## Assignment
Can you transcribe the data exactly? Leave the pictures out.

## Data for processing
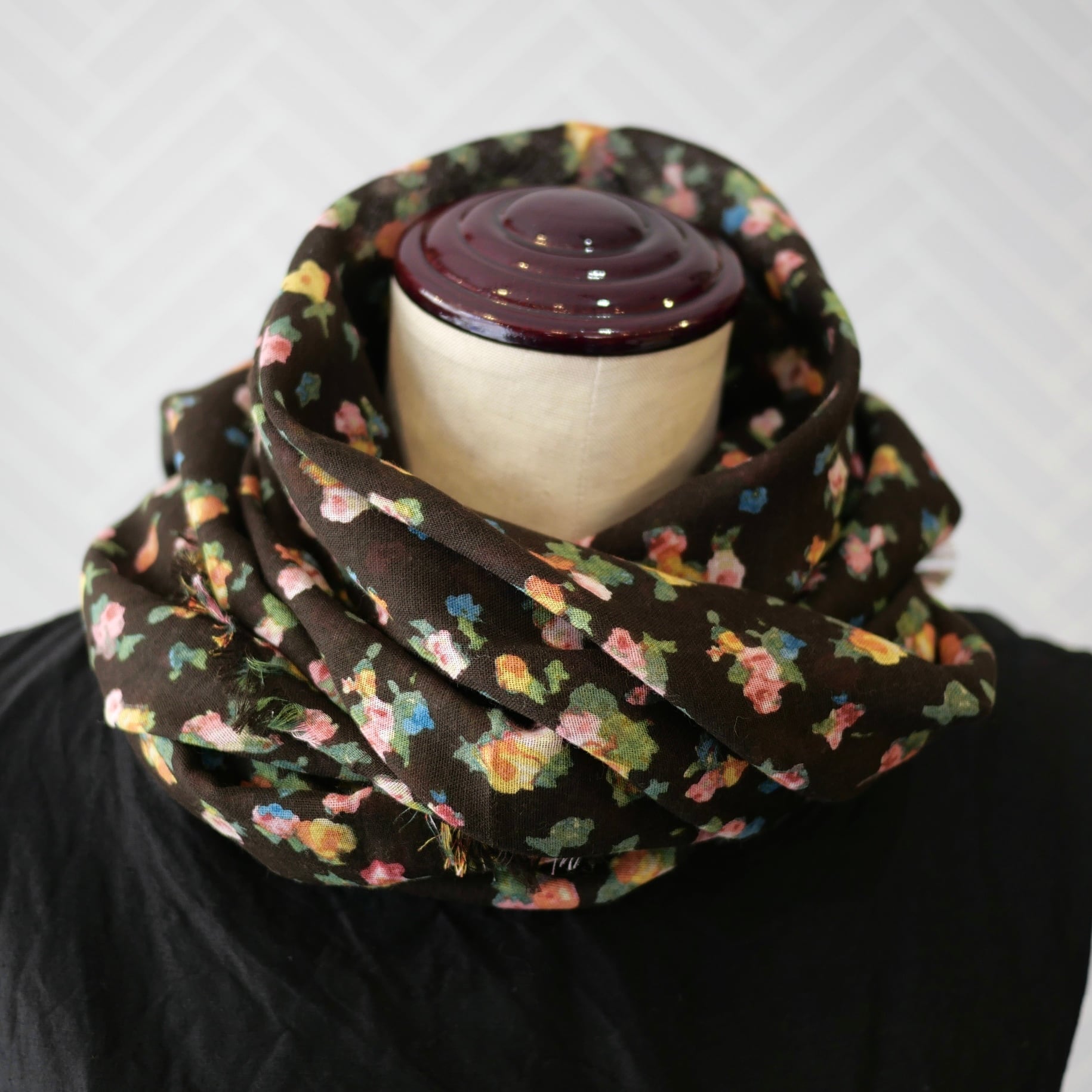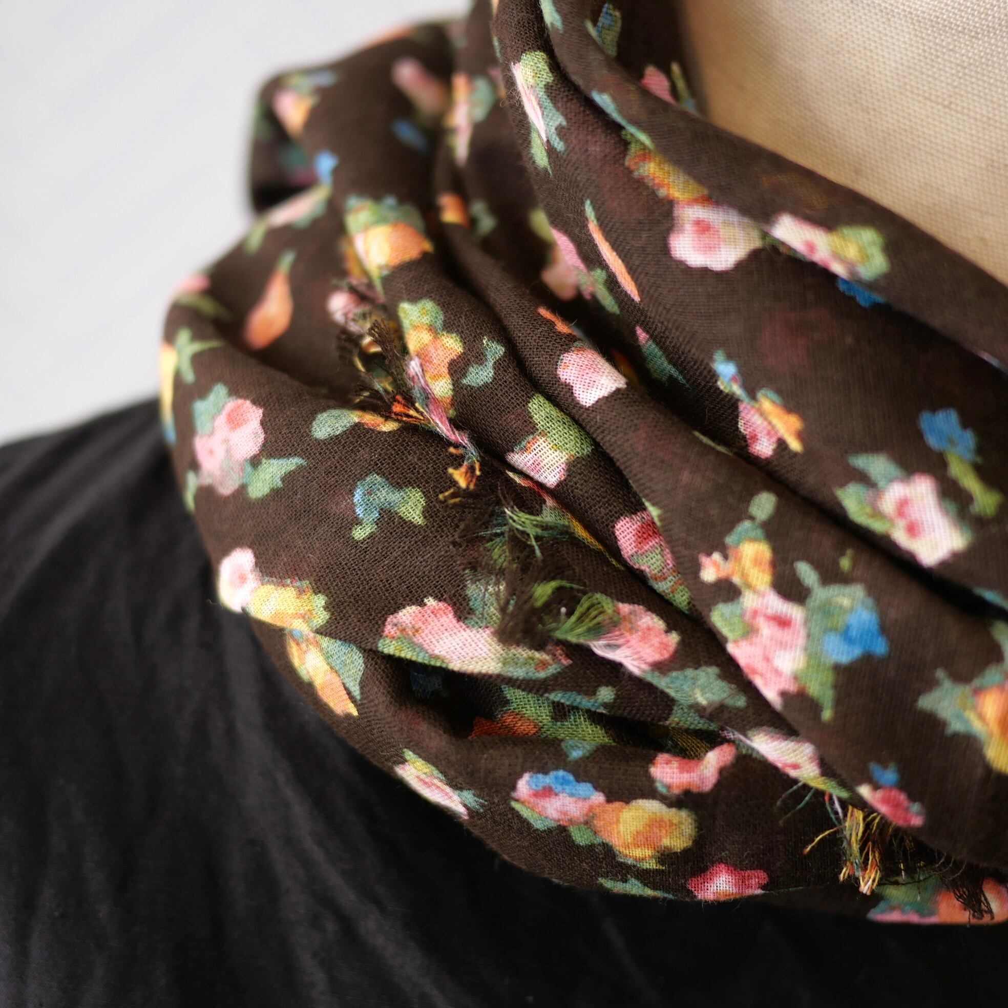 R&D.M.Co- no.2249a VINTAGE FLOWER PRINT GAUZE SHAWL Brown
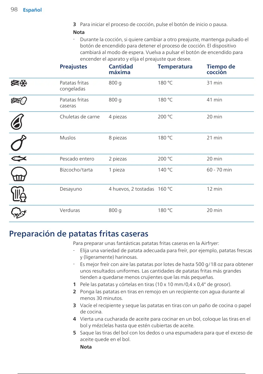 Para preparar unas fantásticas patatas fritas caseras en la Airfryer:
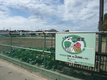 農園のとなりはコンビニエンスストア。家族連れでの農作業も安心の立地条件。
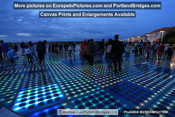 At the northwest corner of the peninsula (the top) are the sea organ – a cool natural musical instrument built right into the promenade, with the wind blowing into the “organ” to make notes – and the “Sun Salutation” – a cheesy-but-fun disc about 20 feet in diameter made up of what look like solar panels. The panels collect energy during the day, and at night they light up in different colors, as people walk on it and pose for selfies. It’s a fun tourist attraction (especially for kids) but not the sort of thing most tourists might come to Croatia for.
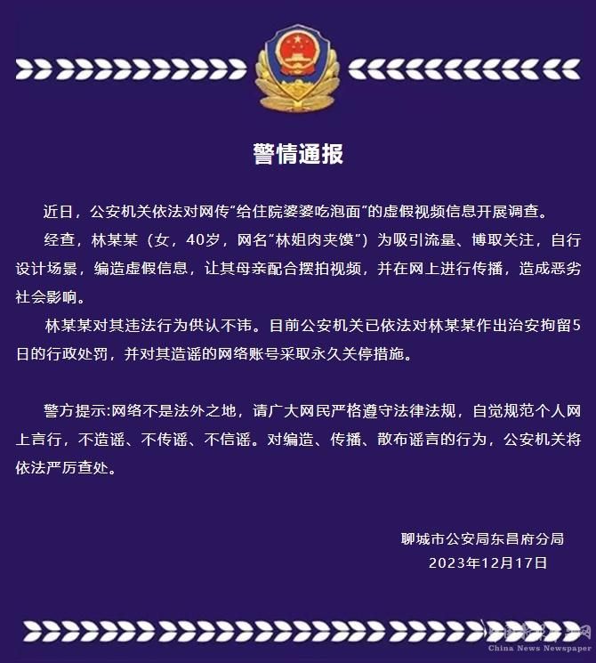 中國網(wǎng)12月18日訊 記者從聊城市公安局東昌府分局了解到,近日,公安機關(guān)依法對網(wǎng)傳“給住院婆婆吃泡面”的虛假視頻信息開展調(diào)查。經(jīng)查,林某某(女,40歲,網(wǎng)名“林姐肉夾饃”)為吸引流量、博取關(guān)注,自行設(shè)計場景,編造虛假信息,讓其母親配合擺拍視頻,并在網(wǎng)上進行傳播,造成惡劣社會影響。

## Finished task
 R&D.M.Co- no.2249a VINTAGE FLOWER PRINT GAUZE SHAWL Brown
 Para preparar unas fantásticas patatas fritas caseras en la Airfryer:
 農園のとなりはコンビニエンスストア。家族連れでの農作業も安心の立地条件。
 At the northwest corner of the peninsula (the top) are the sea organ – a cool natural musical instrument built right into the promenade, with the wind blowing into the “organ” to make notes – and the “Sun Salutation” – a cheesy-but-fun disc about 20 feet in diameter made up of what look like solar panels. The panels collect energy during the day, and at night they light up in different colors, as people walk on it and pose for selfies. It’s a fun tourist attraction (especially for kids) but not the sort of thing most tourists might come to Croatia for.
 中國網(wǎng)12月18日訊 記者從聊城市公安局東昌府分局了解到,近日,公安機關(guān)依法對網(wǎng)傳“給住院婆婆吃泡面”的虛假視頻信息開展調(diào)查。經(jīng)查,林某某(女,40歲,網(wǎng)名“林姐肉夾饃”)為吸引流量、博取關(guān)注,自行設(shè)計場景,編造虛假信息,讓其母親配合擺拍視頻,并在網(wǎng)上進行傳播,造成惡劣社會影響。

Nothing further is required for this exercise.